▶ [DESCRIPTION OF THE TASK]:
Below are entries; copy exactly, and only, the lines from the one containing "LAP 13A 2-Gang" through their final line, leaving out pictures.

MATERIALS PROVIDED Start Marker

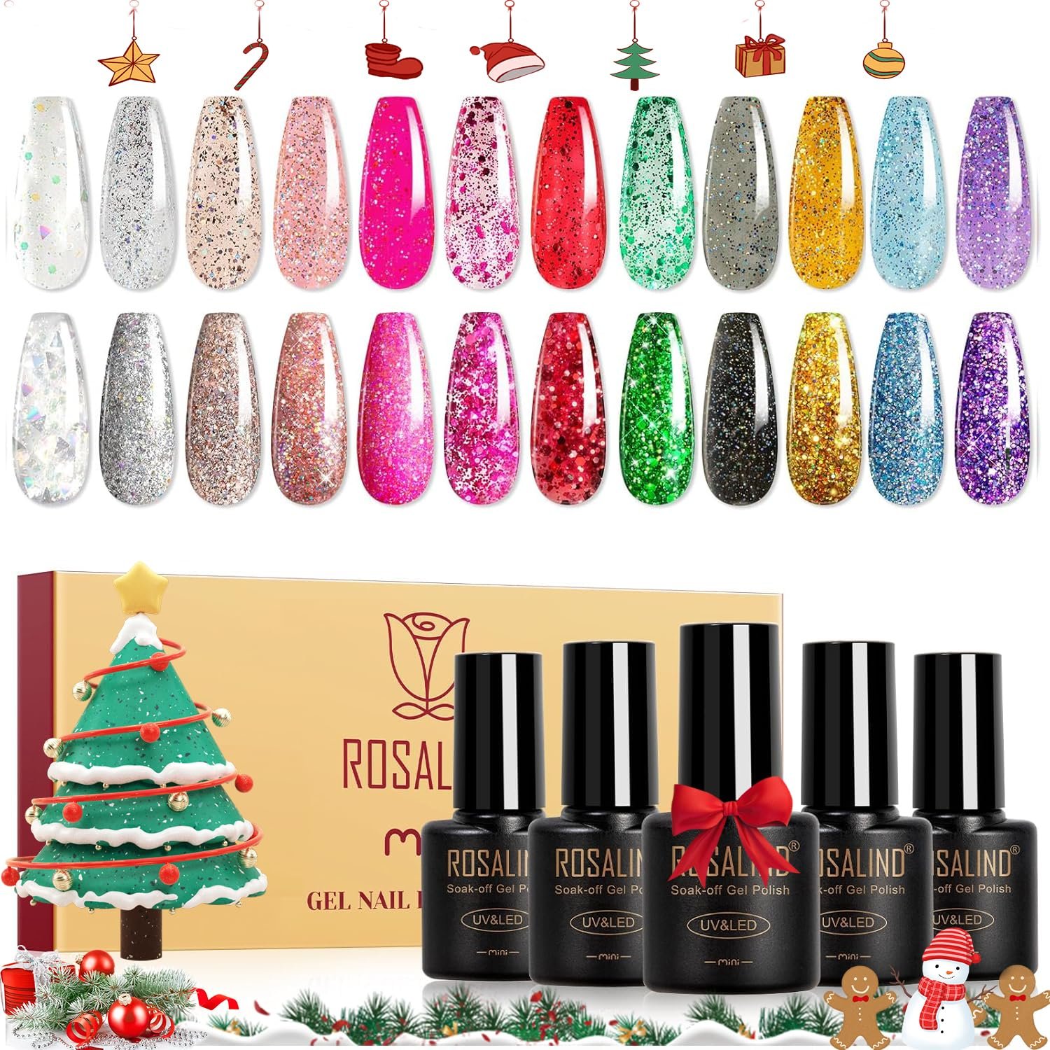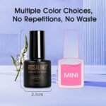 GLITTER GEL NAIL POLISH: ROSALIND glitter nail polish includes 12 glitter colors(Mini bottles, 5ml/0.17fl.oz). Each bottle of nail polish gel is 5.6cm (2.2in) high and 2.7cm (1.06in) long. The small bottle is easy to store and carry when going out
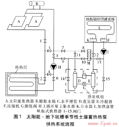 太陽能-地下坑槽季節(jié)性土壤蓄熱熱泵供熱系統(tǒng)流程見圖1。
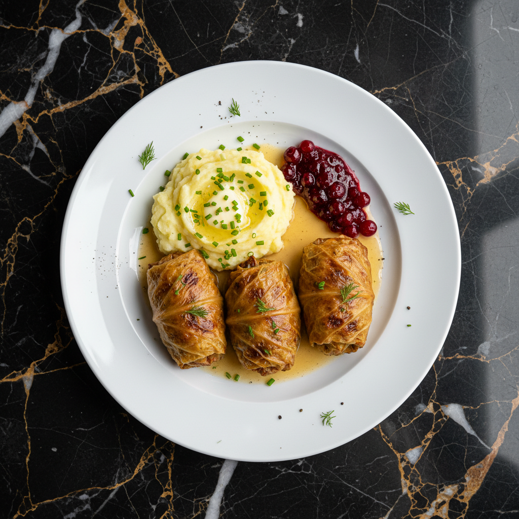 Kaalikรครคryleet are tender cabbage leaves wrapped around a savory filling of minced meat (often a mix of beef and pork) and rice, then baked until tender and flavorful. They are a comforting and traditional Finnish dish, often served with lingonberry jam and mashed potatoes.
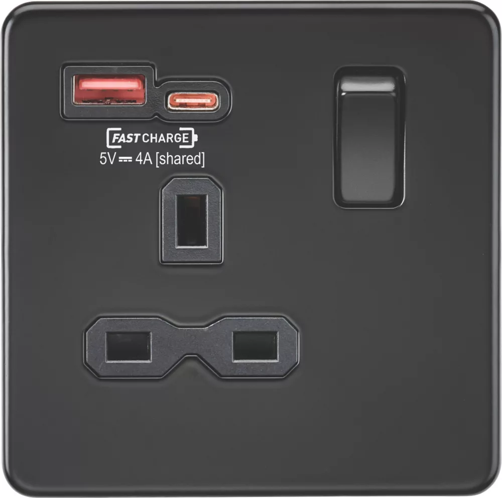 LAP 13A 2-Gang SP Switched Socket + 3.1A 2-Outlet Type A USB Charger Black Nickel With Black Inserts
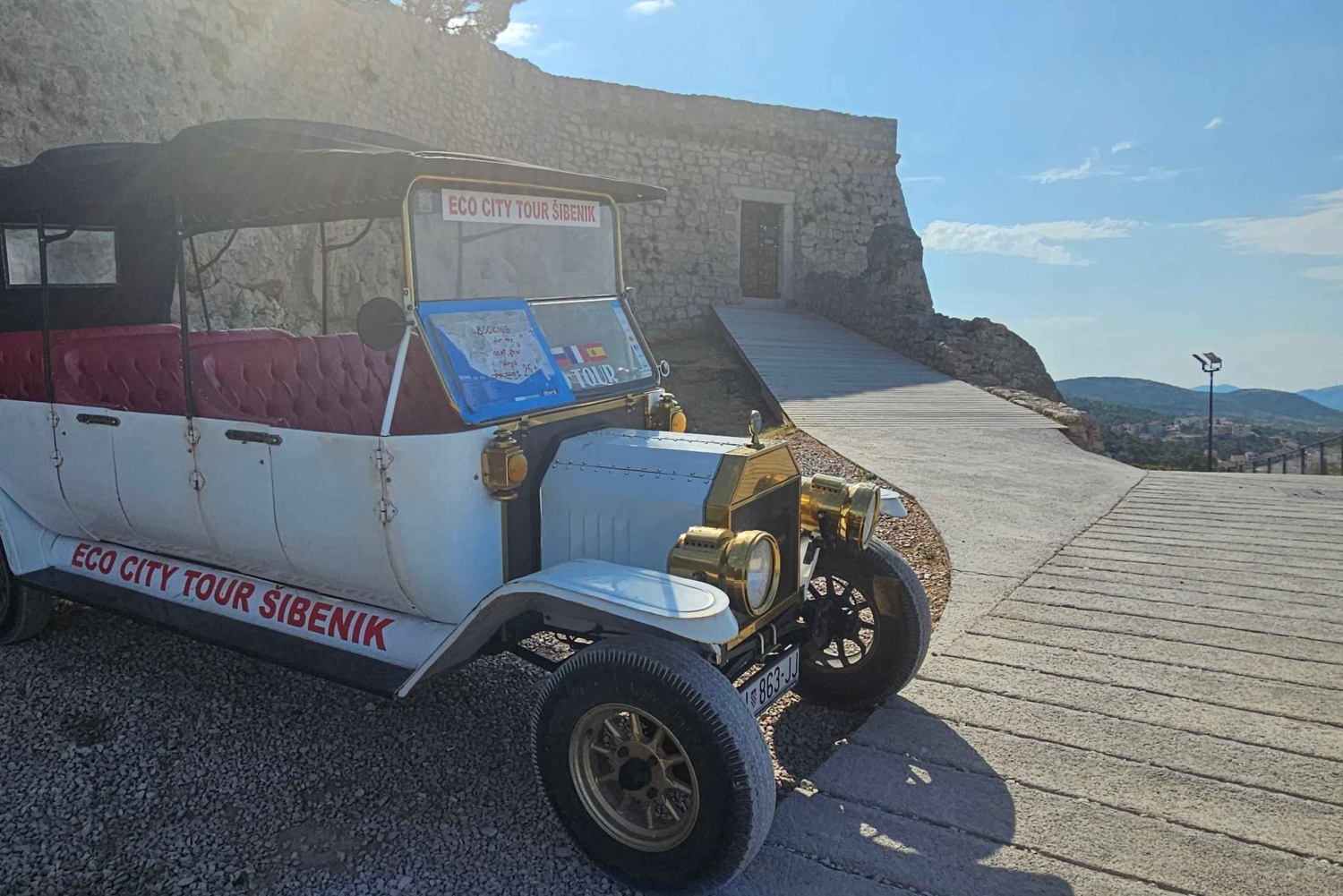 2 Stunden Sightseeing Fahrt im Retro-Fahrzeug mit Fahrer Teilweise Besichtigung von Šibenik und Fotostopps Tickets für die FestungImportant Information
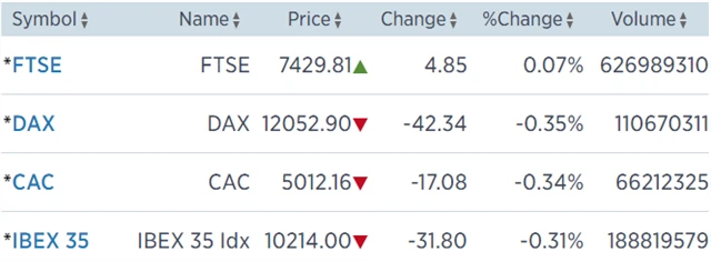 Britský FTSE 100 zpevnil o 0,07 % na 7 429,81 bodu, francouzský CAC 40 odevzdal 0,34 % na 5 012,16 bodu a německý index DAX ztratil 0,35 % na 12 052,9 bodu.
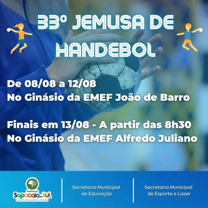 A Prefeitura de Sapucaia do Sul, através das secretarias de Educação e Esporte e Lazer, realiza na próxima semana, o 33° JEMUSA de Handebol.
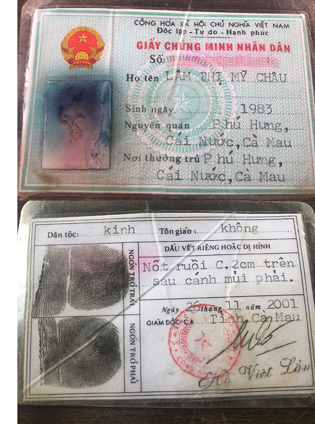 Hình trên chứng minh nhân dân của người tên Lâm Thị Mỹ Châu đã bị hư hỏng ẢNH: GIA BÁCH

MATERIALS PROVIDED End Marker

▶ [RESULT BELOW]:
 LAP 13A 2-Gang SP Switched Socket + 3.1A 2-Outlet Type A USB Charger Black Nickel With Black Inserts
 2 Stunden Sightseeing Fahrt im Retro-Fahrzeug mit Fahrer Teilweise Besichtigung von Šibenik und Fotostopps Tickets für die FestungImportant Information
 Britský FTSE 100 zpevnil o 0,07 % na 7 429,81 bodu, francouzský CAC 40 odevzdal 0,34 % na 5 012,16 bodu a německý index DAX ztratil 0,35 % na 12 052,9 bodu.
 A Prefeitura de Sapucaia do Sul, através das secretarias de Educação e Esporte e Lazer, realiza na próxima semana, o 33° JEMUSA de Handebol.
 Hình trên chứng minh nhân dân của người tên Lâm Thị Mỹ Châu đã bị hư hỏng ẢNH: GIA BÁCH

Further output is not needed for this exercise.